Phalanx starts from a small premise:

Every meaningful unit of work should have an owner.

We'll get right into some code:

<?php
class CreateProject implements Executable
{
    // ctor omitted for brevity -- you'll see this throughout this README

    public function __invoke(RequestContext $ctx): Project
    {
        [$project] = $ctx->scope->series(
            create: new InsertProject($this->input),
            audit: new WriteAuditEntry('project.created'),
            cache: new RefreshProjectList($this->input->ownerId),
        );

        return $project;
    }
}

The insert, audit write, and cache refresh are separate actions, but they are not scattered side effects. They are explicit tasks executed within the scope. This guarantees they share the same timeouts, cancellation signals, and cleanup lifecycle.

This is the Phalanx mindset: work must be supervised. Scopes own execution. When a scope ends, the runtime knows exactly what to cancel, which resources to dispose, and what services to close. Child (or nested) scopes get cleaned up in first.

The public API relies on invokable objects:

  • Constructors capture input arguments.
  • __invoke(...) provides the coordination.
  • Interfaces signal runtime behavior (timeouts, retries, cleanup) to the kernel.
  • The scope provides execution boundaries and service resolution.
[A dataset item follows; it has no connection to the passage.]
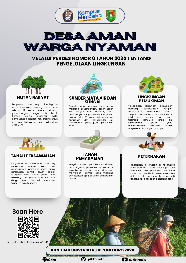Desa Aman Warga Nyaman melalui Sosialisasi Perdes Nomor 6 Tahun 2020 tentang Pengelolaan Lingkungan oleh Mahasiswa KKN TIM II Undip

Objects carry intent. Invocations act as explicit computations. The runtime monitors it all. For this reason, you'll find very few anonymous closures. Though, they're still available to use where it makes sense to break convention.

Identity Over Anonymity

Phalanx separates what a computation needs from how it runs. Constructors hold runtime arguments; the scope typically resolves services. DI is available, when it makes sense.

<?php

class ResizeImage implements Executable
{
    public function __construct(
        private ImageId $id,
        private int $width,
    ) {}

    public function __invoke(ExecutionScope $scope): Image
    {
        $pipeline = $scope->service(ImagePipeline::class);

        return $pipeline->resize($this->id, $this->width);
    }
}

By using invokable classes instead of anonymous closures, business logic gains identity. It becomes inspectable, serializable, and easy to test in isolation.

Structured Safety

Phalanx provides a safety net for relational bugs that often go unnoticed in async development. Take lock-order inversion as an example:

<?php

/**
 * If `ChargeUser` and `LogRefund` attempt to acquire the same resources (e.g., the user account and the transaction log)
 * but in opposite orders, they can deadlock waiting for each other.
 */
class ProcessRefund implements Executable
{
    public function __invoke(ExecutionScope $scope): void
    {
        $scope->concurrent(
            new ChargeUser($this->userId, $this->amount),
            new LogRefund($this->refundId),
        );
    }
}

When a concurrency hazard occurs, Phalanx emits structured errors like [PHX-LOCK-001]. This is part of a diagnostic system that labels failures with an exact code, making it traceable through logs and TUI devtools.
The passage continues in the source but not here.